● **EXERCISE PROMPT**: Restate, word for word and with no pictures, the stretch of lines in the data below that begins at the line with "John & Paul" and ends at the line with "大会还审议了《四川护理职业学", inclusive.

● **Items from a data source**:
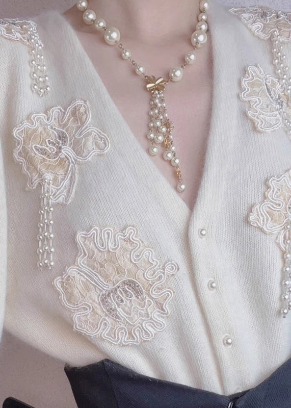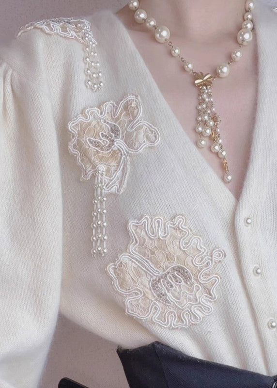 Beautiful Beige Button Nail Bead Patchwork Wool Top Fall
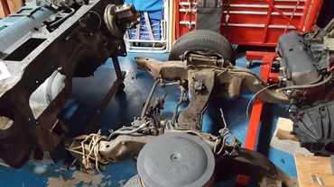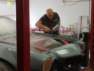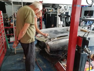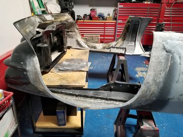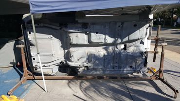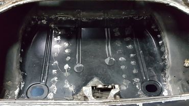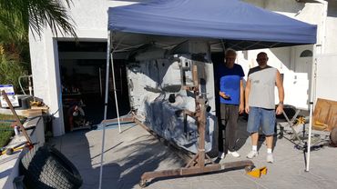 John & Paul working on the body now it's off the rotisserie. The entire body was stitch welded for strength and and reinforced. We have a strong and solid foundation to build on now.
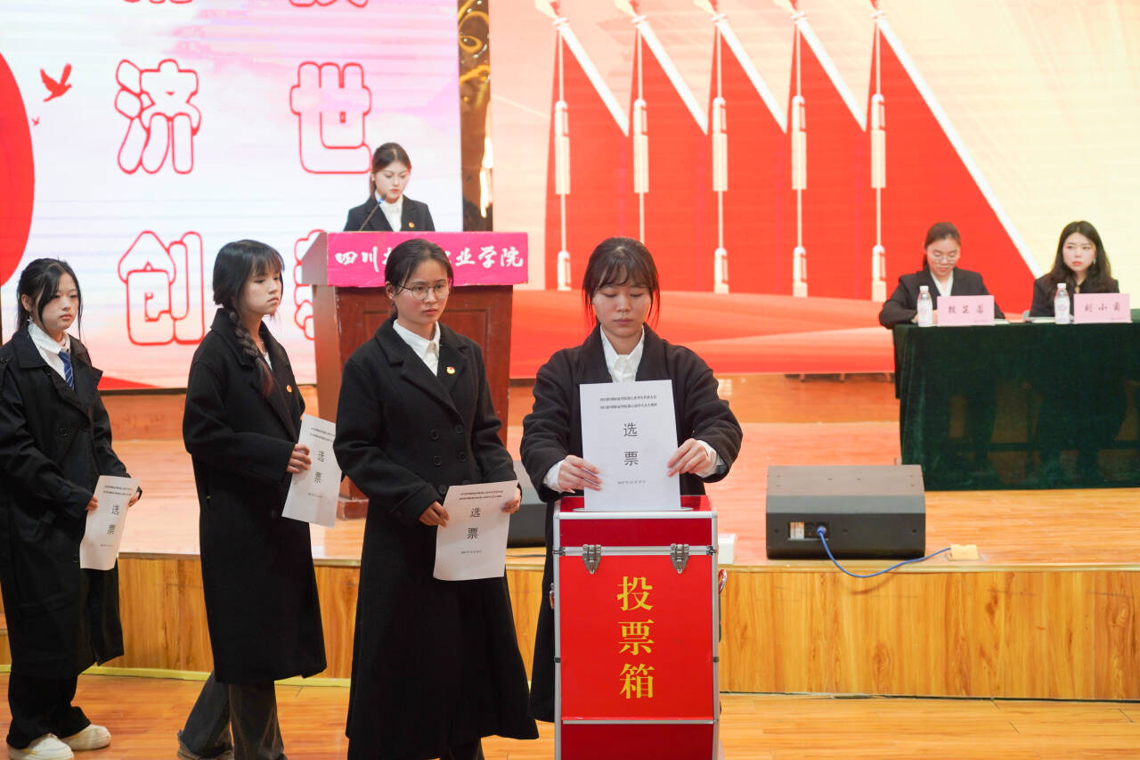 大会还审议了《四川护理职业学院第七届学生会主席团选举办法》及《四川护理职业学院第七次学生代表大会监票人、计票人建议名单》,通过民主选举产生了学院第七届主席团。
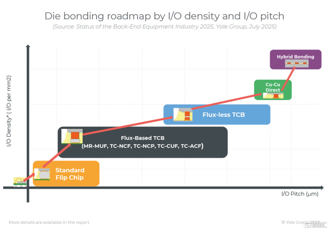 能看到,雖然引線鍵合等傳統解決方案仍然具有市場潛力,但TCB、混合鍵合等先進技術纔是推動最重大變革的關鍵。這一演變反映了行業正向高性能計算 (HPC)、人工智能 (AI)、汽車和5G應用的廣泛轉型,這些應用對性能、密度和可靠性至關重要。
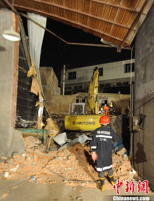 6日下午6時(shí)30分許,福州市倉(cāng)山區(qū)城門下董村一處三層磚混結(jié)構(gòu)的民房忽然倒塌,造成十幾名人員被埋,生命垂危。福州市消防支隊(duì)接到報(bào)警后,第一時(shí)間調(diào)集特勤、倉(cāng)山、臺(tái)江、戰(zhàn)勤保障大隊(duì)的8個(gè)中隊(duì),16部消防車,100多名消防官兵攜帶生命探測(cè)儀、搜救犬及大量救援裝備趕赴現(xiàn)場(chǎng)搜救。截至當(dāng)日12時(shí)許,消防官兵救出13人送往醫(yī)院搶救,3人搶救無效死亡。
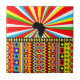 This vivid Kente cloth pattern design features red along with an array of other primary colours. The African continent rises above the pattern like a sun with rays of red, yellow, green and sky blue.

● **RESPONSE**:
 John & Paul working on the body now it's off the rotisserie. The entire body was stitch welded for strength and and reinforced. We have a strong and solid foundation to build on now.
 大会还审议了《四川护理职业学院第七届学生会主席团选举办法》及《四川护理职业学院第七次学生代表大会监票人、计票人建议名单》,通过民主选举产生了学院第七届主席团。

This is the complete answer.